Empirical results show IBN-Net achieves lower error rates and superior cross-domain performance, outperforming traditional CNNs and domain adaptation methods.

Enhancing CNNs with IBN-Net: A Comprehensive Review

The paper, "Two at Once: Enhancing Learning and Generalization Capacities via IBN-Net," introduces IBN-Net, a novel deep learning architecture that combines Instance Normalization (IN) and Batch Normalization (BN) to enhance both learning and generalization capacities of Convolutional Neural Networks (CNNs). The work originates from CUHK-SenseTime Joint Lab and presents a substantial contribution to addressing the challenge of domain shift in computer vision tasks.

Core Contributions

The paper is structured around three principal contributions:

Normalization Insight: It analyses the distinct roles of IN and BN. IN is effective in achieving robustness against appearance changes by eliminating variance related to color, style, and reality/virtuality, while BN is crucial for preserving discriminative content information.
Architecture Agnosticism: IBN-Net is designed to be integrable with several advanced network architectures like DenseNet, ResNet, ResNeXt, and SENet, enhancing their performance without additional computational costs.
Empirical Performance: IBN-Net significantly improves generalization across domains. For example, it outperforms domain adaptation techniques by generalizing from synthetic to real domains without using target domain data.

Methodology and Results

The paper's methodology involves integrating IN and BN in CNNs intelligently. IN layers are added primarily in shallow network layers to address appearance variations without compromising deeper layer functionality, which retains critical content-related features. This strategic integration demonstrates improvement in feature discrimination while reducing the risks of overfitting.

Numeric Performance: IBN-Net50 achieves top-1/top-5 error rates of 22.54%/6.32% on original ImageNet validation sets, outperforming ResNet50 by a margin. The network's robustness is evident when tested under various transformations and style diversifications, showing much lower performance degradation compared to baseline models.
Domain Generalization: IBN-Net provides notable improvements in cross-domain evaluations, such as training on Cityscapes and testing on GTA5. The architecture enhances mIoU scores significantly compared to its ResNet counterparts.

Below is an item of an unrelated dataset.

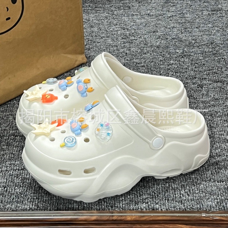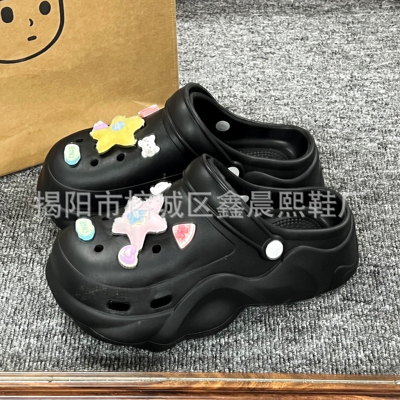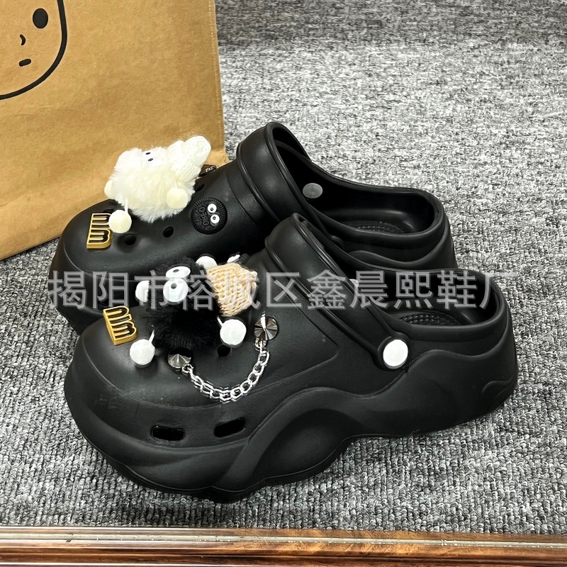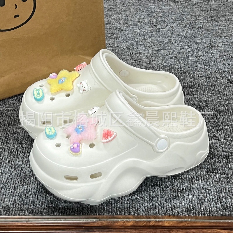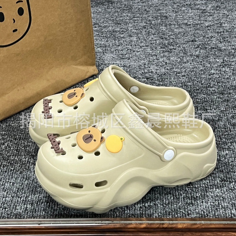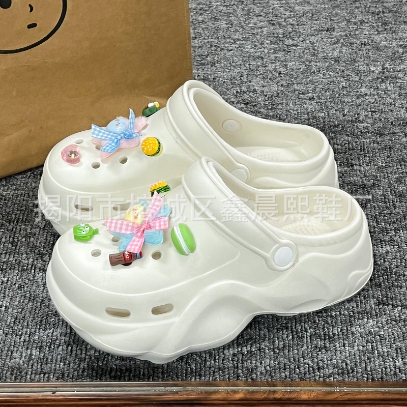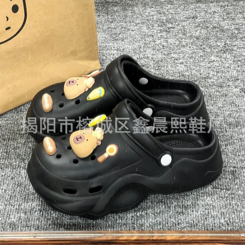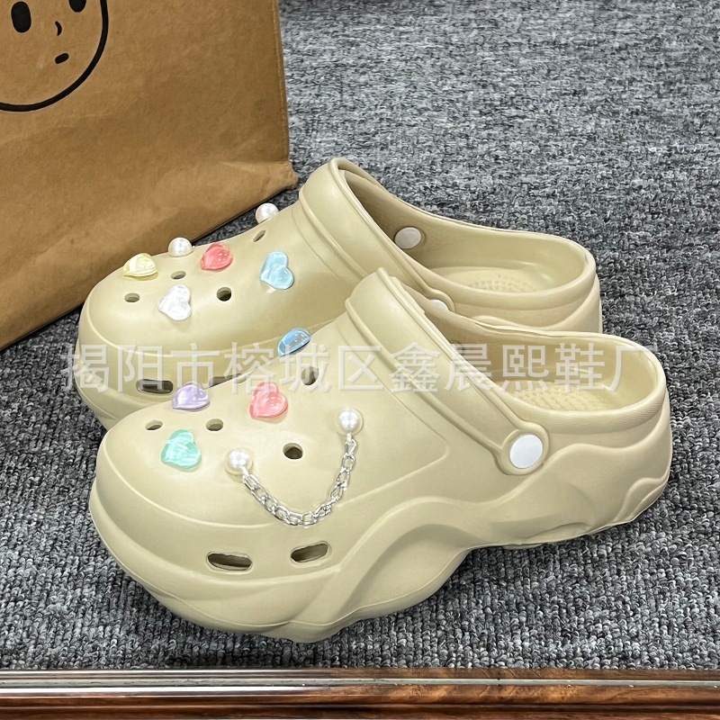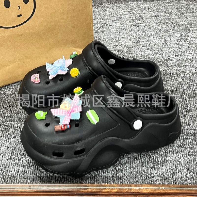 배설물 느낌의 구멍 신발 여성의 여름 착용 2025 새로운 미끄럼 방지 두껍게 증가 된 해변 바오터 슬리퍼 도매스토어 가기

Implications and Future Directions

The implications of this research lie in the ability to deploy CNNs in real-world applications where data variability, such as lighting and styles, can pose a challenge. IBN-Net's approach offers a practical solution for applications requiring robust domain adaptation.

Future directions could explore further customization of normalization strategies across various application-specific architectures. Developing adaptive mechanisms that dynamically apply IN and BN based on input data characteristics could refine generalization capabilities.

Concluding Remarks

IBN-Net represents a significant advancement in bridging the performance gap induced by domain shifts. Its robust design integrating IN and BN elevates both learning and generalization capacities, proving its utility across a range of complex vision tasks. This methodology not only enhances existing architectures but also sets a foundation for future research in domain-agnostic learning improvements.